"Aw, shuddup," said Axel to the Martians.

"Shuddup—"

Axel looked at me and shook his head at the Martian reply.

I wheeled the Mars-car around behind Spartan's, halting in a position which would allow me to watch.

The Martians were loping casually toward the two cars, seemingly in no rush to get there. And it was then I suddenly realized that their actions weren't hostile. I'd been frightened when they'd set fire to the Martian saguaro in the canal, but I realized that this had been defensive. They had been as afraid of me as I had been of them. Nothing in the world panics a man as does a situation he's never encountered before and does not know how to handle.

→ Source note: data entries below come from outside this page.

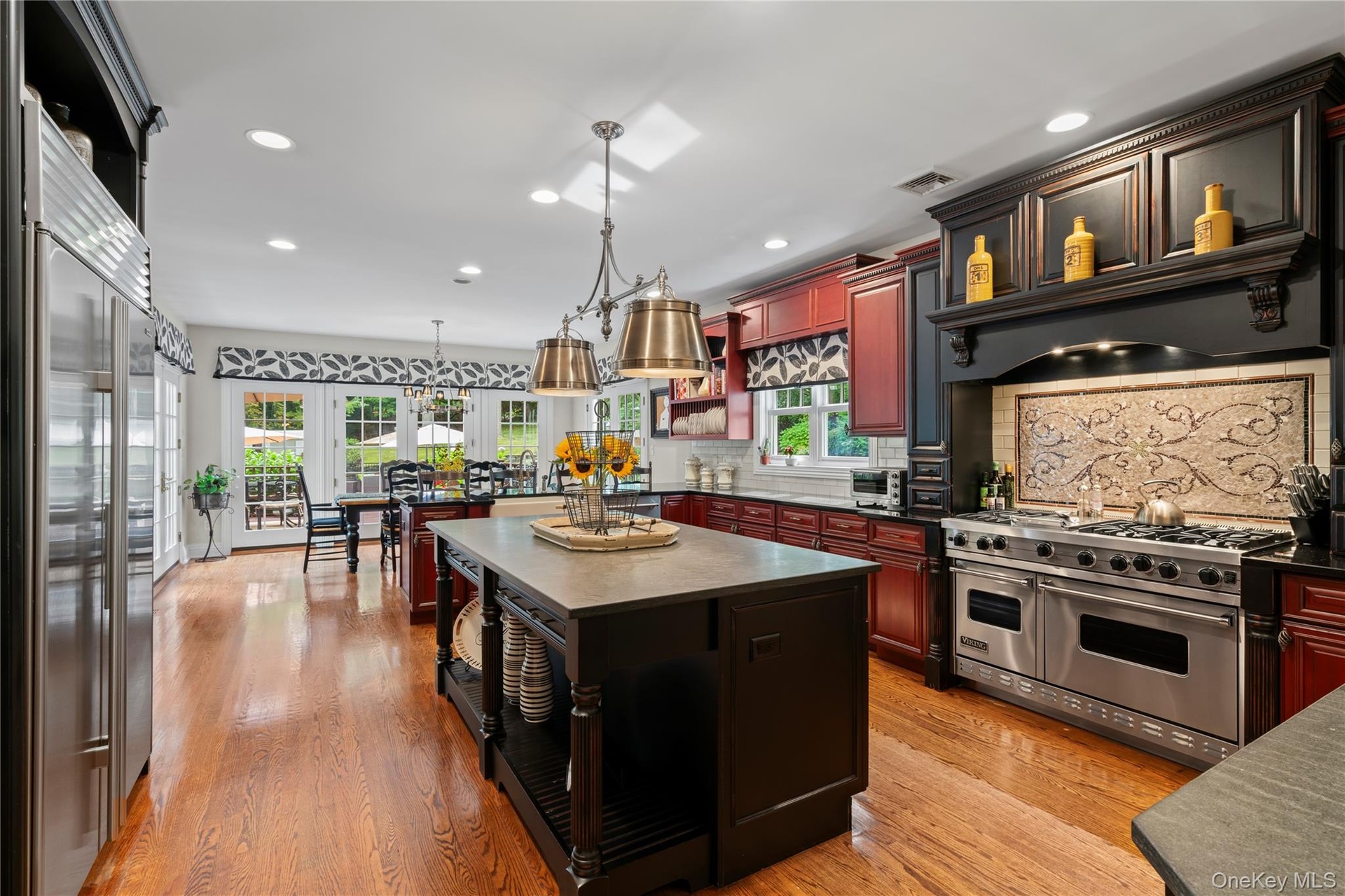 The chef’s kitchen is a masterpiece, with stainless steel appliances, a six-burner Viking grill cooktop range with double ovens below, and a commercial-grade hood. Granite countertops, a sandstone island, large walk-in pantry, and extensive two-tone cabinetry elevate the space. Three sets of French doors lead to a large mahogany deck, perfect for outdoor dining and relaxation. The great room off the kitchen is equally impressive, featuring a wood-burning fireplace with access to the deck through French doors, creating a seamless indoor-outdoor flow.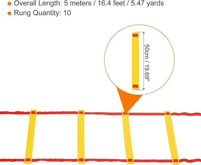 - Rung Quantity: 10; Rung Length: 50cm / 19.69 inch; Overall Length: 5 meters / 16.4 feet / 5.47 yards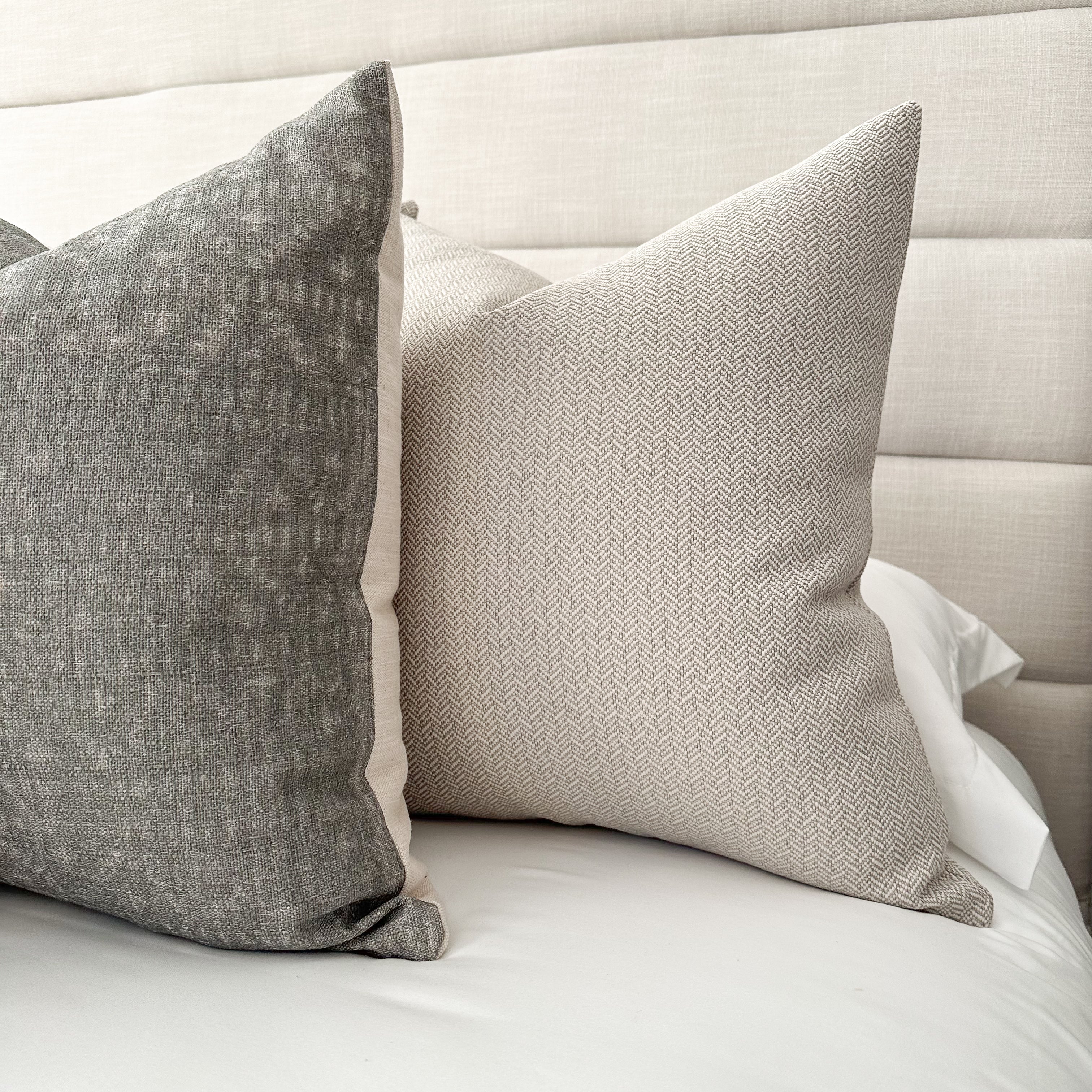 Reed Parchment features a cream textured weave. Its neutral color gives an elegant feel to any space. Mix and match with other pillows of your choosing.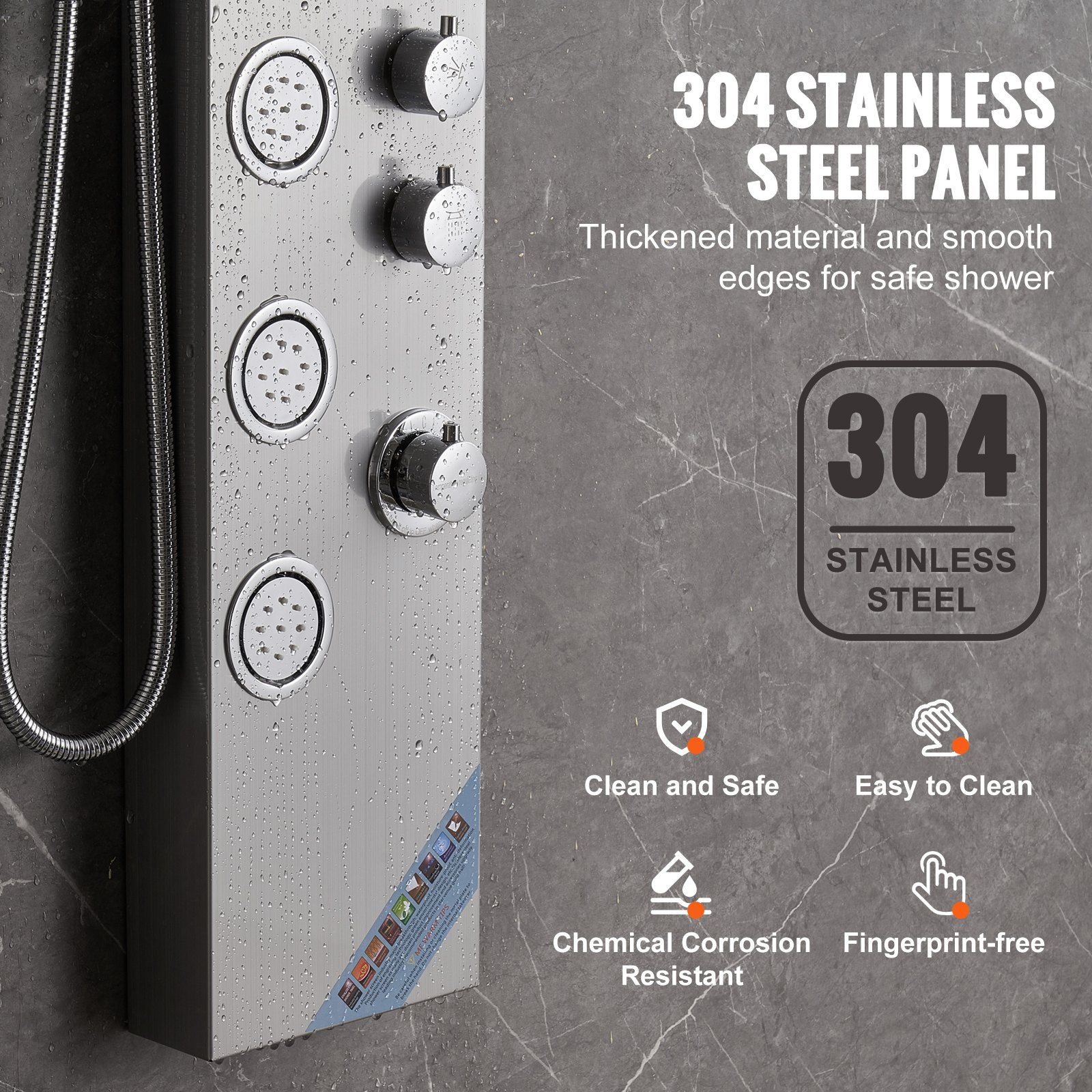 4.304 Stainless Steel Material: Crafted from high-quality 304 stainless steel for safety and durability. The shower panel tower is thick and resistant to fingerprints, rust, and corrosion. Ensuring easy cleaning for lasting beauty and hygiene.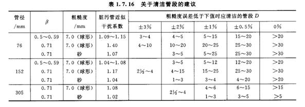 表1.7.16所示為管壁清除臟物(結(jié)垢),使粗糙度降低后改善流出系數(shù)測量誤差的情況。由表可見,在節(jié)流件上游側(cè)附近一段管道清除污物可以顯著提高流出系數(shù)的測量精度。對于大口徑管道(DN>300),清洗的管段可以顯著縮短。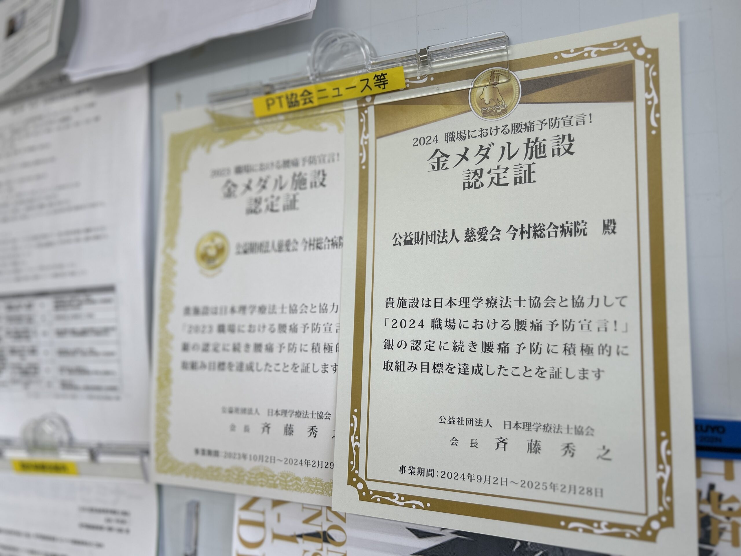 「職場における腰痛予防宣言!」は、取り組み内容に応じて3段階(金メダル・銀メダル・銅メダル)に評価され、それぞれ賞状が発行されます。また2023年からは、“Champion stage”を新設し、金メダル施設のうち他施設からの腰痛予防活動要請に応じる窓口を同協会ホームページに掲載し、所属施設外へ活動を拡大しています。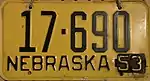 1952–53 | Black on golden yellow; "NEBRASKA 52" at bottom | none | 1-12345 10-12345 |
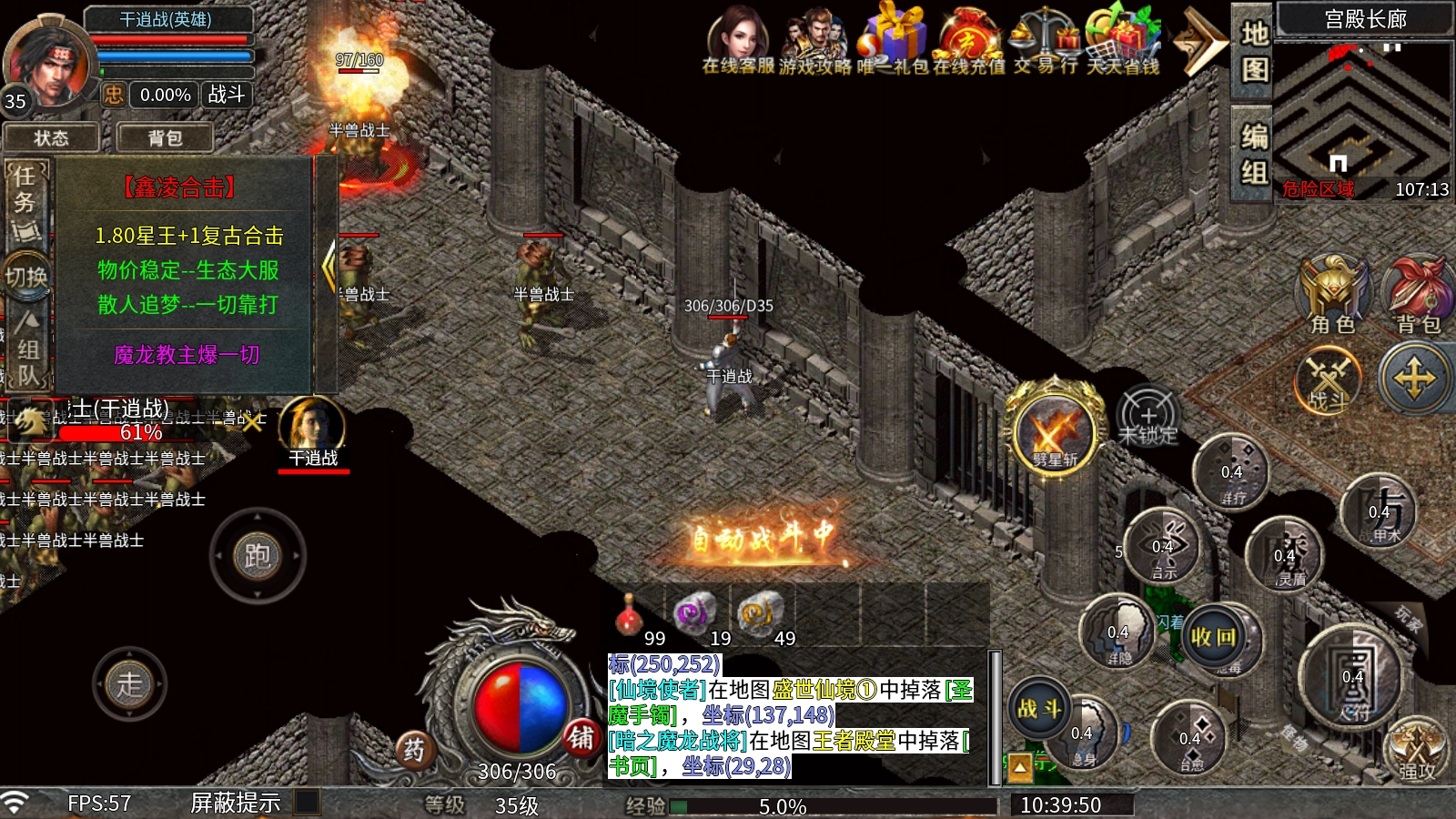 微氪五十米,打怪带红绿毒,自动捡物回收,轻松就能起步。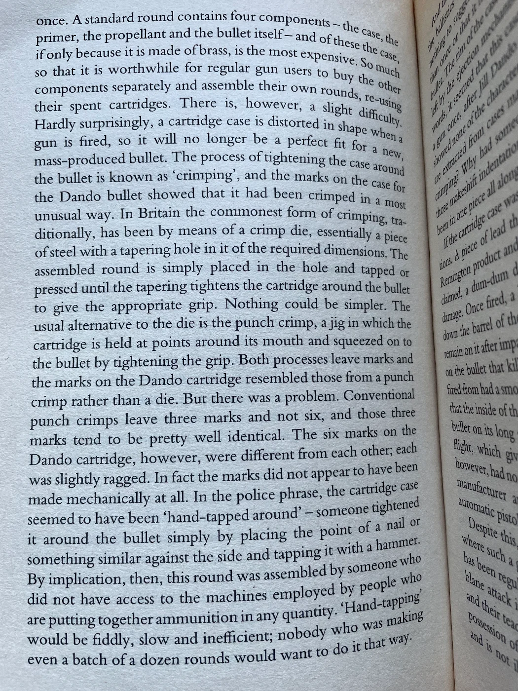 On the outside of the case, close to the rim, police ballistics experts found six tiny indentations of a kind that was new to them. Never had a cartridge carrying such marks been used in any crime committed in Britain and nor, so far as they could establish, had anything of the kind ever been sold commercially or on the known illegal market in this country. It was unique. To understand what these marks were you need to know that in the shooting world a cartridge case is frequently used more than once. A standard round contains four components - the case, the primer, the propellant and the bullet itself - and of these the case, if only because it is made of brass, is the most expensive. So much so that it is worthwhile for regular gun users to buy the other components separately and assemble their own rounds, re-using their spent cartridges. There is, however, a slight difficulty. Hardly surprisingly, a cartridge case is distorted in shape when a gun is fired, so it will no longer be a perfect fit for a new, mass-produced bullet. The process of tightening the case around the bullet is known as 'crimping', and the marks on the case for the Dando bullet showed that it had been crimped in a most unusual way. In Britain the commonest form of crimping, traditionally, has been by means of a crimp die, essentially a piece of steel with a tapering hole in it of the required dimensions. The assembled round is simply placed in the hole and tapped or pressed until the tapering tightens the cartridge around the bullet to give the appropriate grip. Nothing could be simpler. The usual alternative to the die is the punch crimp, a jig in which the cartridge is held at points around its mouth and squeezed on to the bullet by tightening the grip. Both processes leave marks and the marks on the Dando cartridge resembled those from a punch crimp rather than a die. But there was a problem. Conventional punch crimps leave three marks and not six, and those three marks tend to be pretty well identical. The six marks on the Dando cartridge, however, were different from each other; each was slightly ragged. In fact the marks did not appear to have been made mechanically at all. In the police phrase, the cartridge case seemed to have been 'hand-tapped around' - someone tightened it around the bullet simply by placing the point of a nail or something similar against the side and tapping it with a hammer. By implication, then, this round was assembled by someone who did not have access to the machines employed by people who are putting together ammunition in any quantity. 'Hand-tapping' would be fiddly, slow and inefficient; nobody who was making even a batch of a dozen rounds would want to do it that way.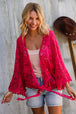 This versatile front tie bell sleeve crochet cardigan in a beautiful fuchsia is the perfect summer staple Get instant chic styling with all your ensembles with this stunner!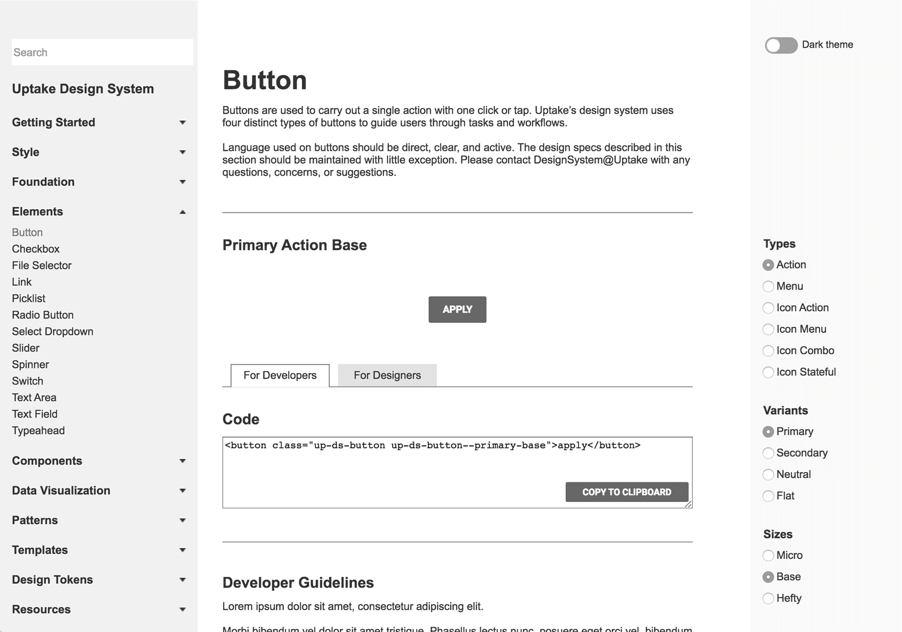 Serving as a centralized hub, the doc side became an oasis for design and engineering. It enabled developers to access reusable components through Vue, Angular, and React libraries, helping teams build efficiently while reducing technical debt. And designers could quickly view and interact with components, read about their usage, and contribute feedback.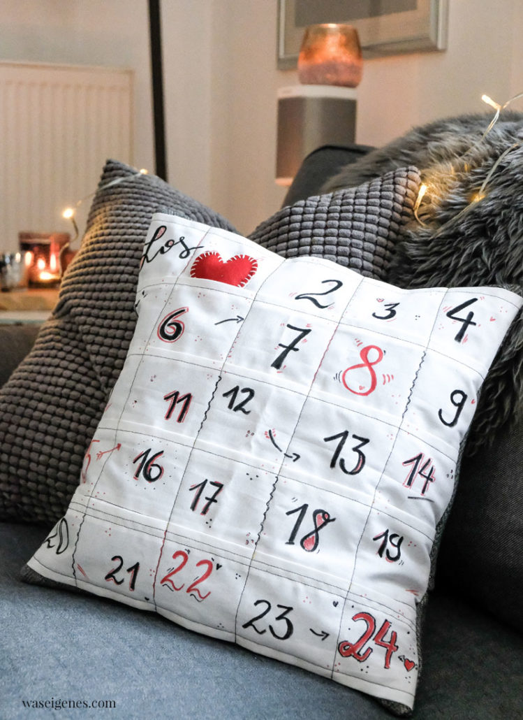 - ein genähtes Adventskalender Kissen gezeigt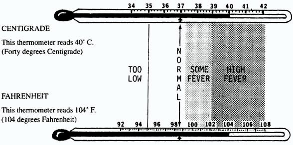 There are two kinds of thermometer scales. Centigrade (C.) and Fahrenheit (F.). Either can be used to measure a person's temperature.

And I suppose, in this respect, the Martians were human.

In fact, I was soon to learn that although physical bodies were apt to assume strangely different shapes, the psychology of the Martians was as human as intelligence. And it was a logical thing, too. After all, most of life's actions, possibly all, are aimed toward a double purpose—preservation of the individual and of the race. This fact is as basic as Newton's laws governing the physical actions of the universe.

In fact, the two kinds of matter in space, animate and inanimate, may not be so different, after all. The energy that is in all matter, may be seeking to control its destiny, and life may be a basic property of the power that exists in every atom.

But it was no time for philosophy. I didn't think these thoughts then—it was not until long afterwards that they occurred to me.

I was watching the Martians who now had slowed to a lazy canter, focusing their biological radar on the two similar objects parked in the desert.

As they came abreast of the spaceship, they looked at that too. I expected to see the pile of supplies Axel had stacked near the ship to go up in smoke—flames being highly unlikely in thin air like this. But the Martians were no longer frightened. The enemy had fled at their approach. They assumed, no doubt, that we were no match for them. And this is another trait that has proved the undoing of many a human being—to suspect weakness where it does not exist.